LIPUS stimulation also triggers cardiac-related gene and protein expression and the production of binucleated cells in cardiac mesangioblasts by mimicking the effects of 5-azacytidne, a well-known inducer of cardiac differentiation [49]. LIUS treatment improves cardiomyocyte differentiation in murine embryonic stem cells (ESC) by reducing spontaneous differentiation. LIPUS stimulation of ESC-derived embryoid bodies induces cardiac gene expression (cardiac troponin T and α and β myosin heavy chains) and enhances the beating rates of putative cardiomyocytes [22].
Besides, differentiation of MSC to the neuronal lineage is also enhanced by LIPUS through the induction of neural markers and neurotrophic factors [36,79]. With regards to pluripotent stem cells, LIPUS induces neural differentiation in vitro in iPSC-NCSC [33,80], which has the potential for the regeneration of injured nerves. In this case, FAK-ERK1/2 was the proposed signaling pathway for the induction of proliferation and differentiation of iPSC-NCSC [81]. Yang et al. evaluated the effects of LIPUS on iPSC-NCSC and found beneficial effects in the context of cell viability, proliferation, and neural differentiation for peripheral nerve tissue engineering [33].
Finally, LIPUS also plays a role on cell stemness. Some authors including Kusuyama et al. propose a role for LIPUS in stemness maintenance [82], highlighting again the double-edged effect that LIPUS can induce, likely depending on the cell type and the pathophysiological context of the tissue.

2.7. Regenerative Effects

The ability of LIPUS to stimulate cell differentiation and accelerate tissue repair has been extensively exploited in the tissue-engineering field. Tissue engineering encounters many challenges, especially with regards to restoring adequate mechanical strength, which is correlated with matrix production by the engineered tissues. In a recent study using a rabbit spinal cord injury model, LIPUS was found to enhance cell expansion, differentiation, and matrix production by different cells [36]. Likewise, LIPUS stimulation led to better structural formation in the context of new osteogenic and chondrogenic tissue formation, and integration of the newly formed tissues and original bone [36].
Bone growth and repair are under the control of biochemical and mechanical signals.

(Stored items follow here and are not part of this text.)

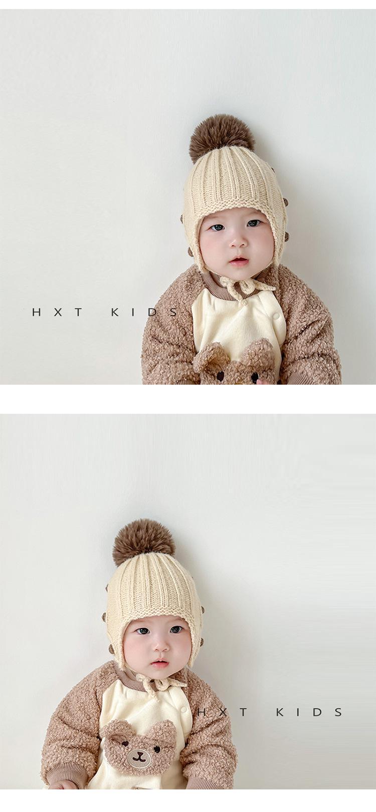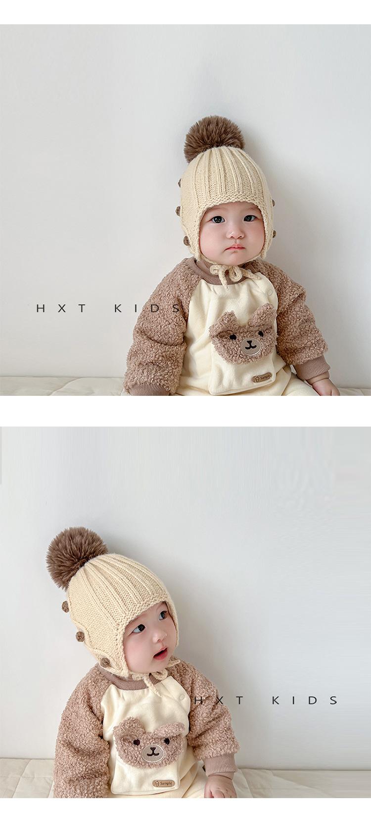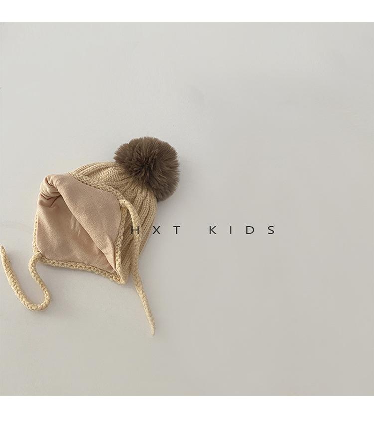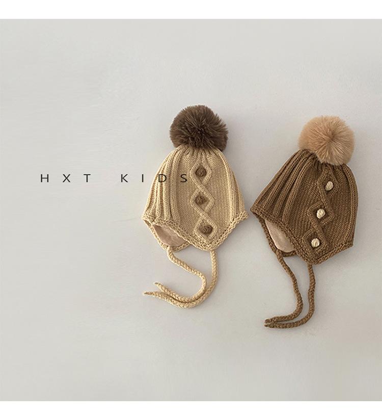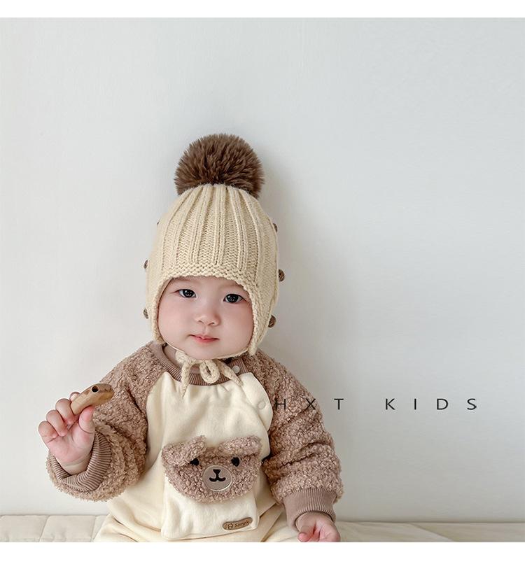 Set de dos piezas de gorro y bufanda para bebé, estilo occidental de otoño e invierno, con bola de pelo, interior grueso, gorro con orejeras de punto para bebé, traje de invierno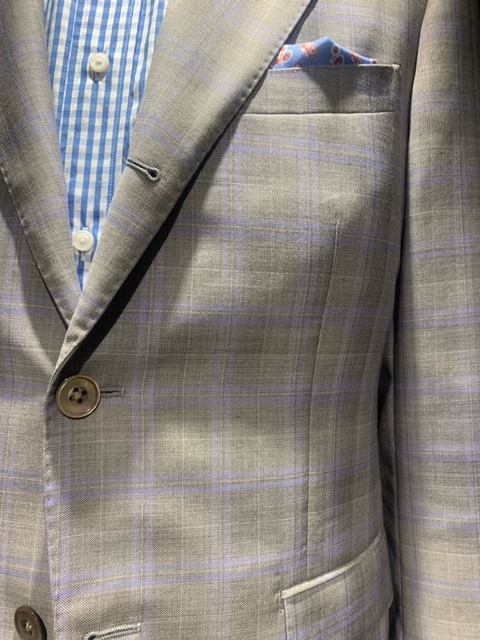 白やベージュ中心で、釦の色も同系色で揃えられる中、鮮やかな紺と黄緑のチーフがアクセントになっています。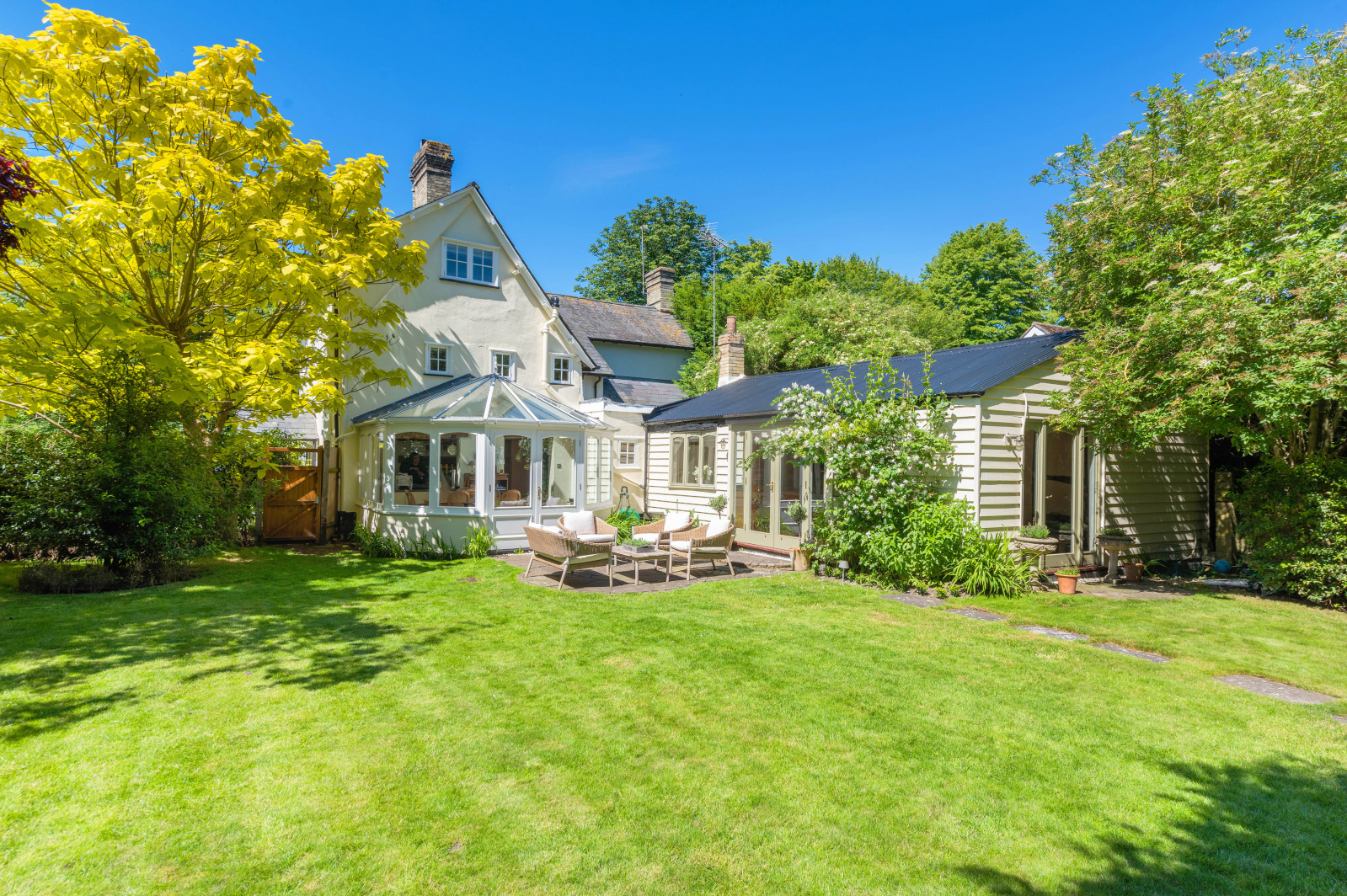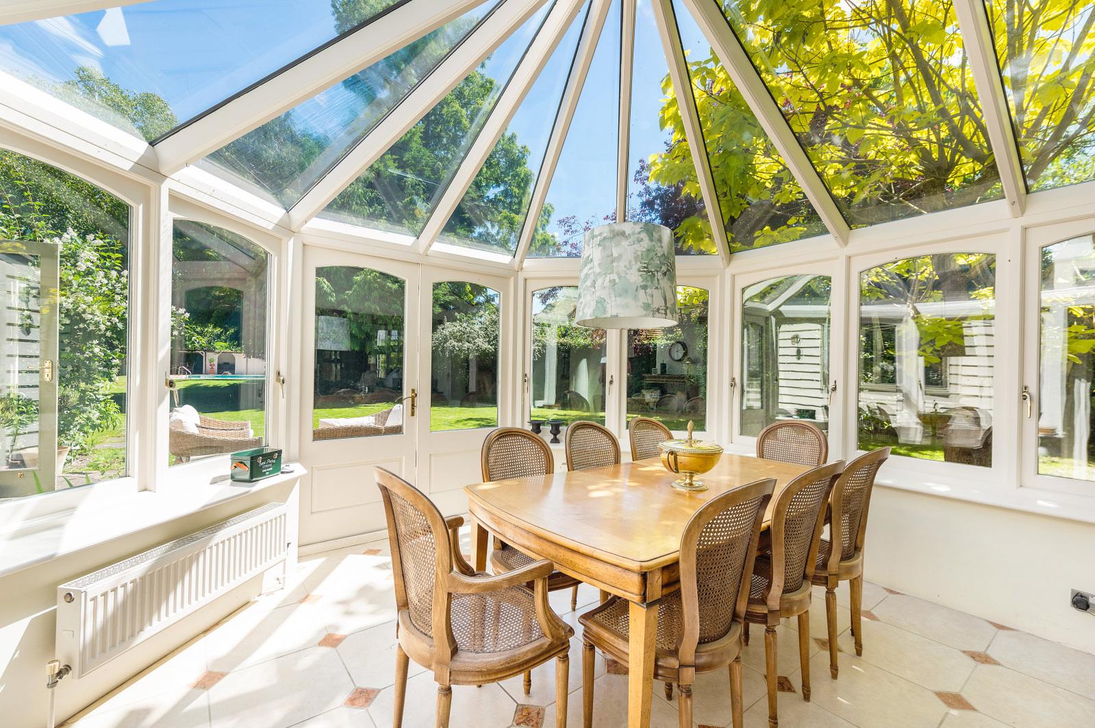 The plot, approaching a third of an acre, includes a large rear garden which is incredibly private, with an abundance of mature trees and shrubs. The terrace, accessed from the orangery and one of the reception rooms, is perfect for outdoor living and dining. A large lawn leads to the swimming pool, transporting you to a European holiday. Block paving surrounds the pool and leads to a covered seating area and outbuildings draped in climbers.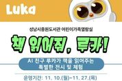 [비건뉴스=최지영 수습기자] 성남도시개발공사 중원도서관은 지역 어린이들에게 인공지능(AI) 기술을 활용한 새로운 독서 체험 기회를 제공하기 위해 ‘책 친구 로봇, 루카(LUKA)’를 오는 12월까지 운영한다고 21일 밝혔다. ‘루카’는 책 표지를 인식해 음성으로 내용을 읽어주는 인공지능 독서로봇으로, 유아와 어린이가 스스로 책을 읽고 들으며 독서의 즐거움을 느낄 수 있도록 돕는 AI 독서학습 보조기기다. 이번 사업은 루카를 활용한 전시와 기관 협력 프로그램을 통해 어린이들에게 친숙하고 흥미로운 독서 경험을 제공하고자 마련됐다. 먼저 중원도서관에서는 한 달간 ‘책 읽어줘! 루카’ 전시가 진행된다. 어린이·가족열람실에 루카와 전집을 함께 비치해, 어린이들이 직접 로봇을 체험하며 자연스럽게 책 읽는 즐거움과 호기심을 느낄 수 있도록 운영된다. 시민 누구나 자유롭게 참여 가능하며, AI 기술과 독서가 결합된 혁신적인 독서문화를 체험할 수 있는 특별한 기회를 제공한다. 또한, 도서관 밖에서도 아이들이 책과 만날 수 있도록 ‘책 나들이 ON 루카’ 협력 프로그램을 진행한다.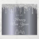 Ein Imitat silbermetallices Aussehen mit Imitaten silberne Glitzer Tropfen, ein bisschen Klingeltöne und Luxus für ein Silvester Party. Weihnachtsbäume, Winterwald als Dekoration. Mit dem Text: Happy New Year geschrieben mit einem modernen handgeschriebenen Stil Skript. Vorlage für ein Jahr, weiße Buchstaben.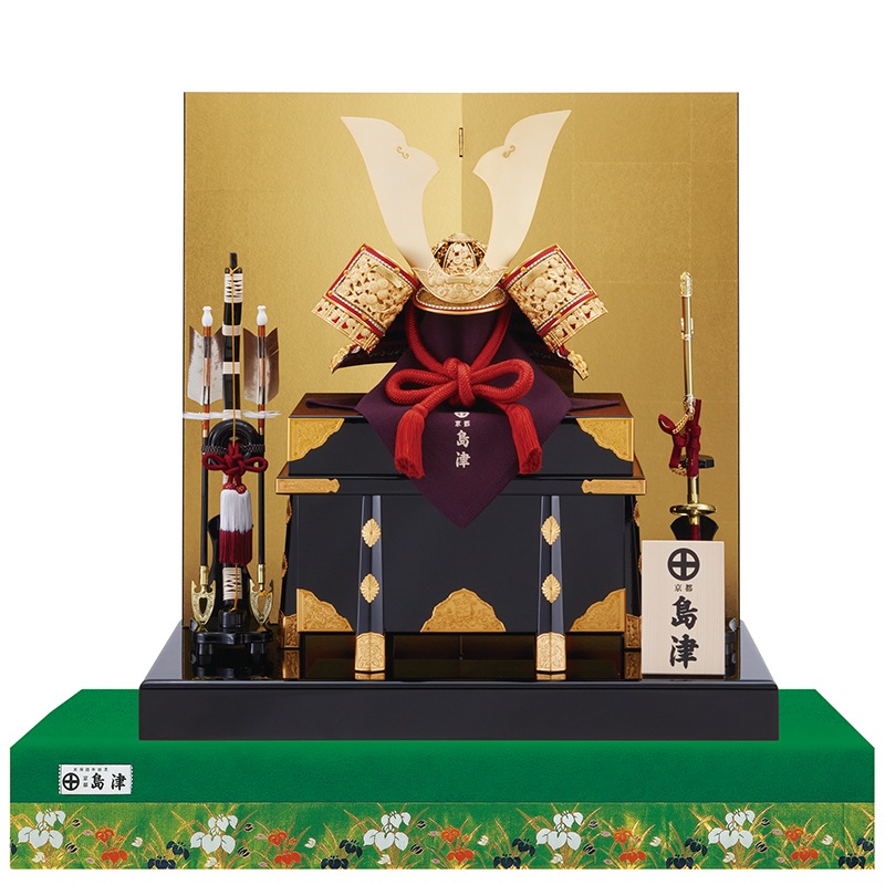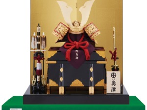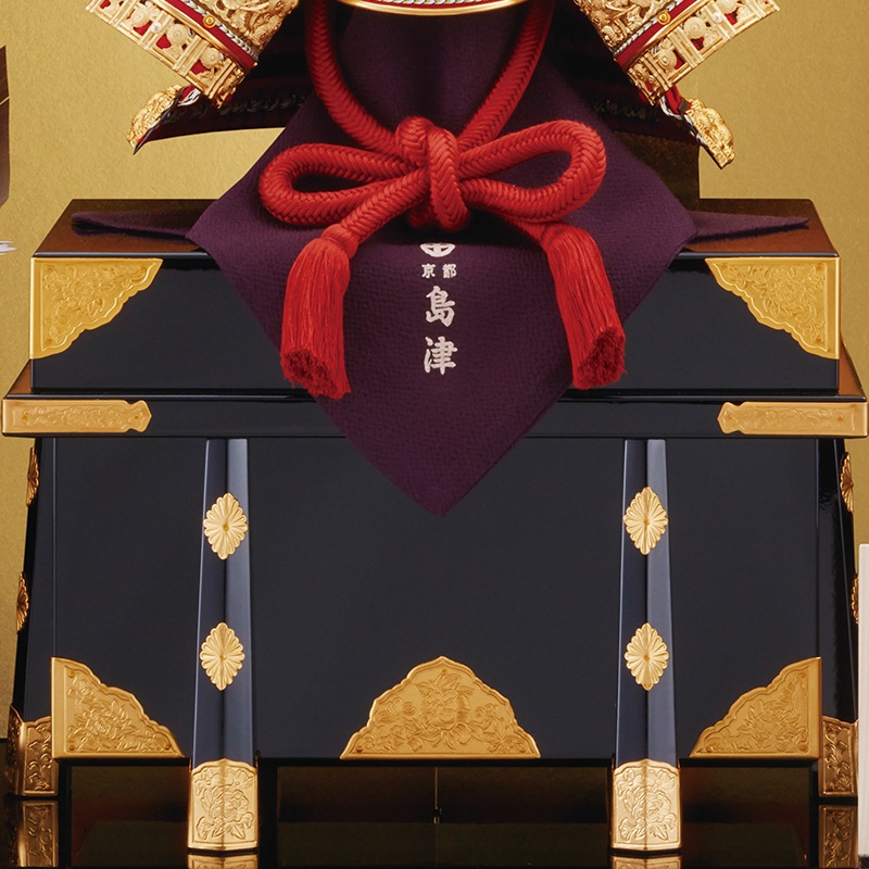 主役の兜は、溢れる活力と圧倒的な力強さ、魔除けの意味をもつ赤糸縅(あかいとおどし)

LIPUS stimulation seems not only useful for long bones, but may also be used to accelerate bone regeneration of non-critical calvaria defects, as confirmed in a study with rats [83]. Similarly, a study performed in beagles showed that periodontitis might be ameliorated by LIPUS, as revealed by the acceleration of new alveolar bone formation, with a prospective for promoting periodontal tissue repair [84].
Several studies have also explored the combination of LIPUS and MSC infusion [7]. In rat bone defect models, co-treatment with MSCs and LIPUS was found to improve fracture healing for delayed union or non-union [8], and to enhance cartilage repair and subchondral reconstitution [85]. LIPUS was also shown to enhance spinal fusion in a rabbit posterior spinal fusion model using MSC-derived osteogenic cells [86]. Similarly, the combination of LIPUS and iPCS-NCSC administration was shown to promote the regeneration and reconstruction of rat transected sciatic nerves [87] and was beneficial for nerve injury-induced erectile dysfunction [88], pointing to LIPUS as a regenerative tool in the context of peripheral nerve regeneration.

2.8. Angiogenic Effects

Moreover, LIPUS increases angiogenesis and local blood perfusion [89]. The therapeutic angiogenic effects of LIPUS have been reported in endothelial cells, chick chorioallantoic membrane, and in a rat hind limb ischemia model [90,91,92,93]. Also, a very recent study combined LIPUS and collagen and collagen/hyaluronan scaffolds to enhance angiogenesis in cocultures of human adipose derived stem cells and endothelial cells [94].
LIPUS therapy triggers multiple angiogenic pathways, and has been shown to effectively increase capillary density and regional myocardial blood flow, and normalize ischemia-induced myocardial dysfunction without any adverse effects [95]. Interestingly, the aforementioned study showed that LIPUS therapy ameliorates post-myocardial infarction left ventricular remodeling in mice, with pivotal roles played by the mechanotransduction system, including β1-integrin and caveolin-1 and associated downstream pathways [89]. A β-1integrin signaling pathway was also proposed by Bernal et al. to explain the mechanotransduction induced by LIPUS on cardiac mesoangioblasts and the enhancement of cardiac lineage differentiation [49].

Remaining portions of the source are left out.